Prediction of zinc-binding sites using multiple sequence profiles and machine learning methods.

The zinc (Zn2+) cofactor has been proven to be involved in numerous biological mechanisms and the zinc-binding site is recognized as one of the most important post-translation modifications in proteins. Therefore, accurate knowledge of zinc ions in protein structures can provide potential clues for elucidation of protein folding and functions. However, determining zinc-binding residues by experimental means is usually lab-intensive and associated with high cost in most cases. In this context, the development of computational tools for identifying zinc-binding sites is highly desired, especially in the current post-genomic era. In this work, we developed a novel zinc-binding site prediction method by combining several intensively-trained machine learning models.

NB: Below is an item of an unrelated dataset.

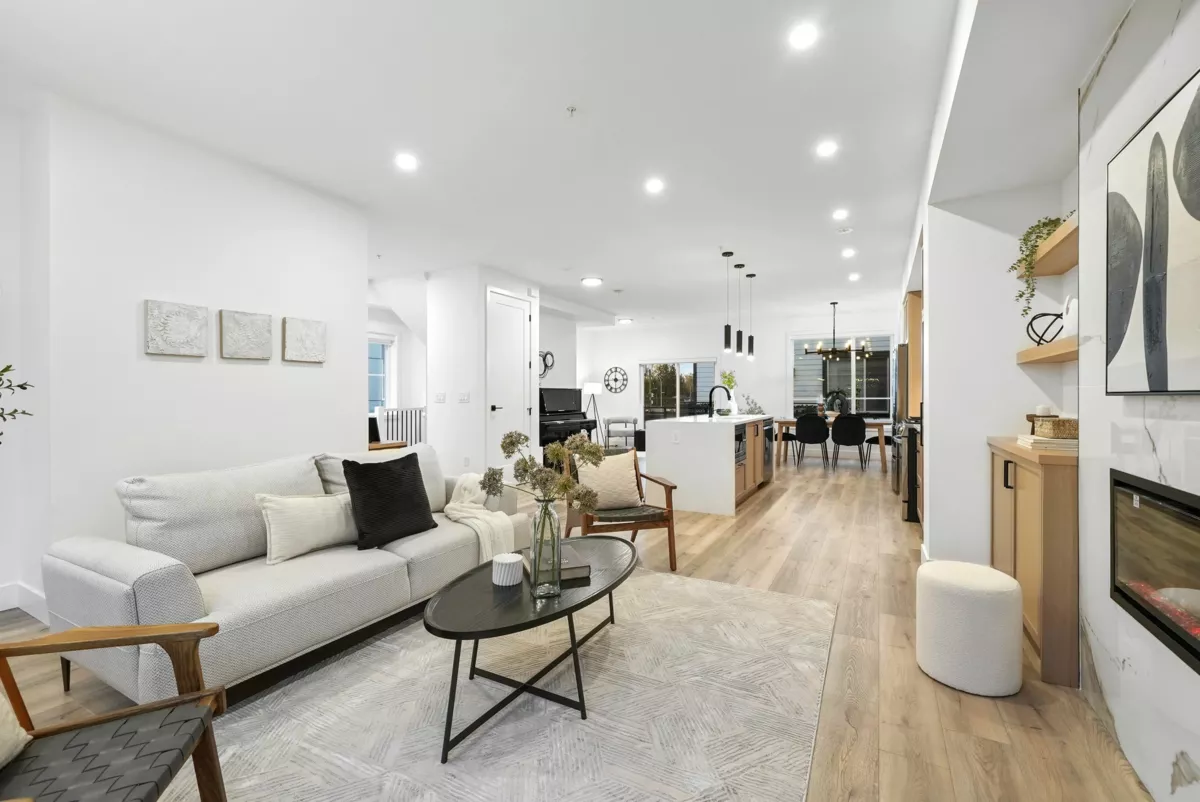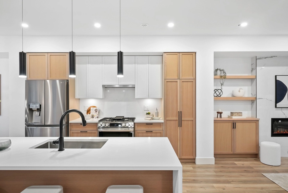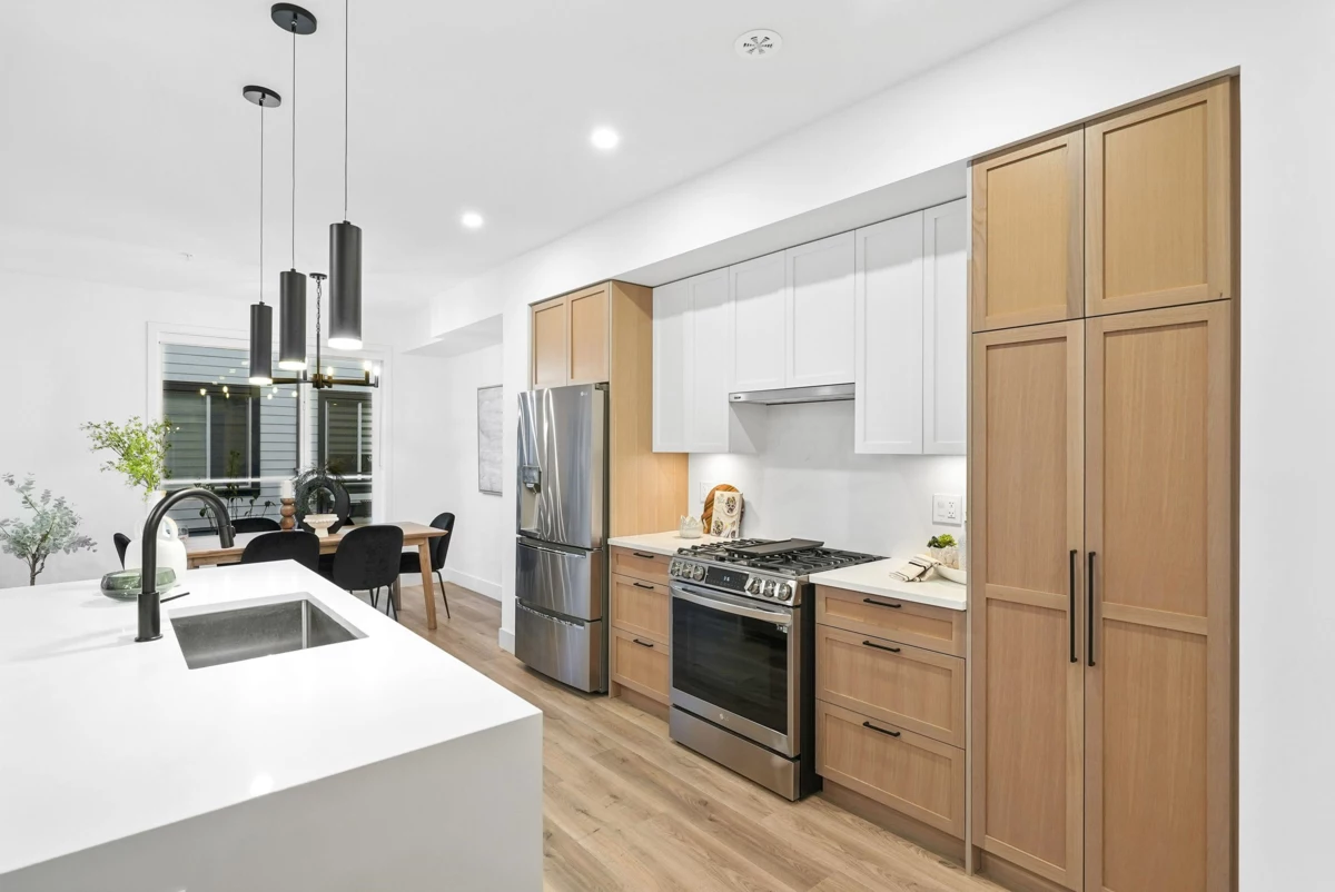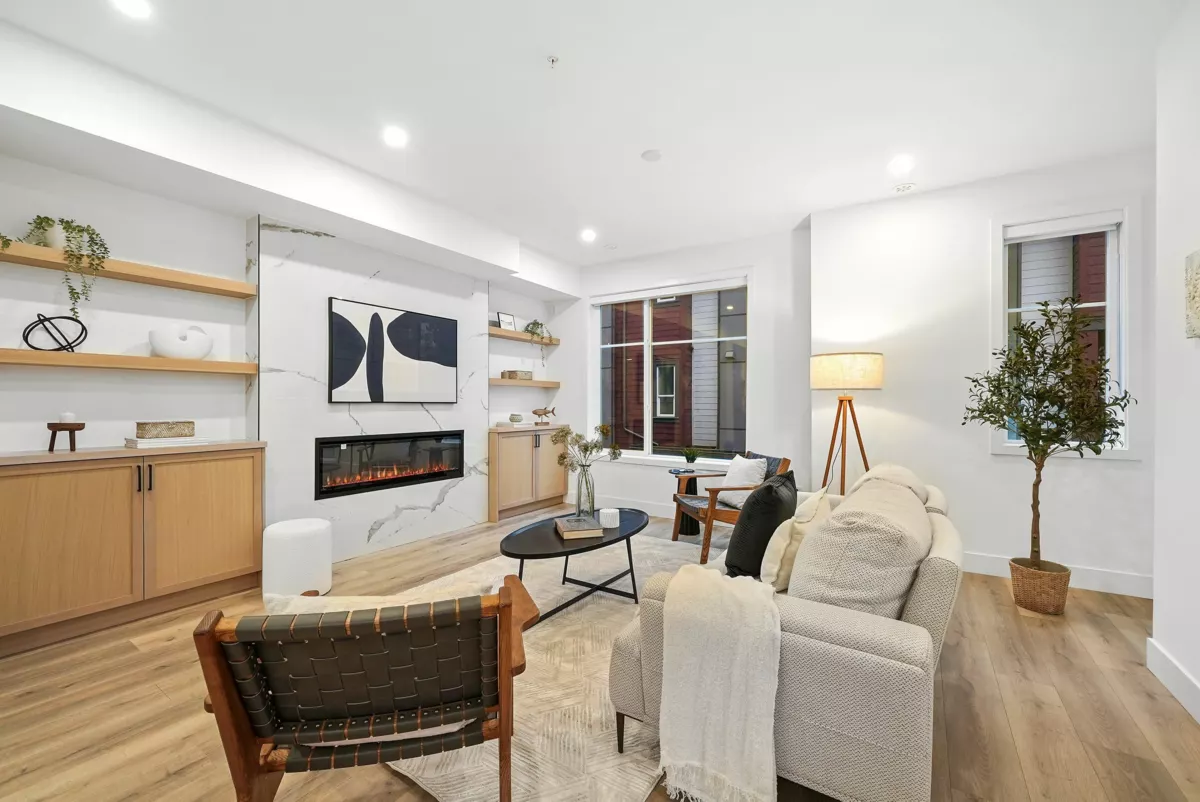 Welcome to Crofton! This bright end-unit townhome offers 4 beds, 4 baths, and 2,092 sq.ft. of high-quality construction and finishings. Enjoy NO GST and low strata fees of only $196.69! Main level features wide-plank laminate flooring, large windows, and a beautiful feature wall w/electric fireplace & built-ins. Chef-inspired kitchen includes two-tone shaker cabinets, a quartz waterfall island, LG stainless steel appliances, and a gas range. Perfect for entertaining! Upstairs, a huge luxurious primary bedroom with WIC and a spa-inspired ensuite w/double sinks, oversized glass shower, and soaker tub. Two additional bedrooms & full bath. Lower-level bedroom w/ensuite provides the perfect space for guests or office. Features central A/C, on-demand HW, a fenced yard, and a double garage!

To establish an accurate and generative method, we downloaded all zinc-binding proteins from the Protein Data Bank and prepared a non-redundant dataset. Meanwhile, a well-prepared dataset by other groups was also used. Then, effective and complementary features were extracted from sequences and three-dimensional structures of these proteins. Moreover, several well-designed machine learning models were intensively trained to construct accurate models. To assess the performance, the obtained predictors were stringently benchmarked using the diverse zinc-binding sites. Furthermore, several state-of-the-art in silico methods developed specifically for zinc-binding sites were also evaluated and compared. The results confirmed that our method is very competitive in real world applications and could become a complementary tool to wet lab experiments. To facilitate research in the community, a web server and stand-alone program implementing our method were constructed and are publicly available at . The downloadable program of our method can be easily used for the high-throughput screening of potential zinc-binding sites across proteomes.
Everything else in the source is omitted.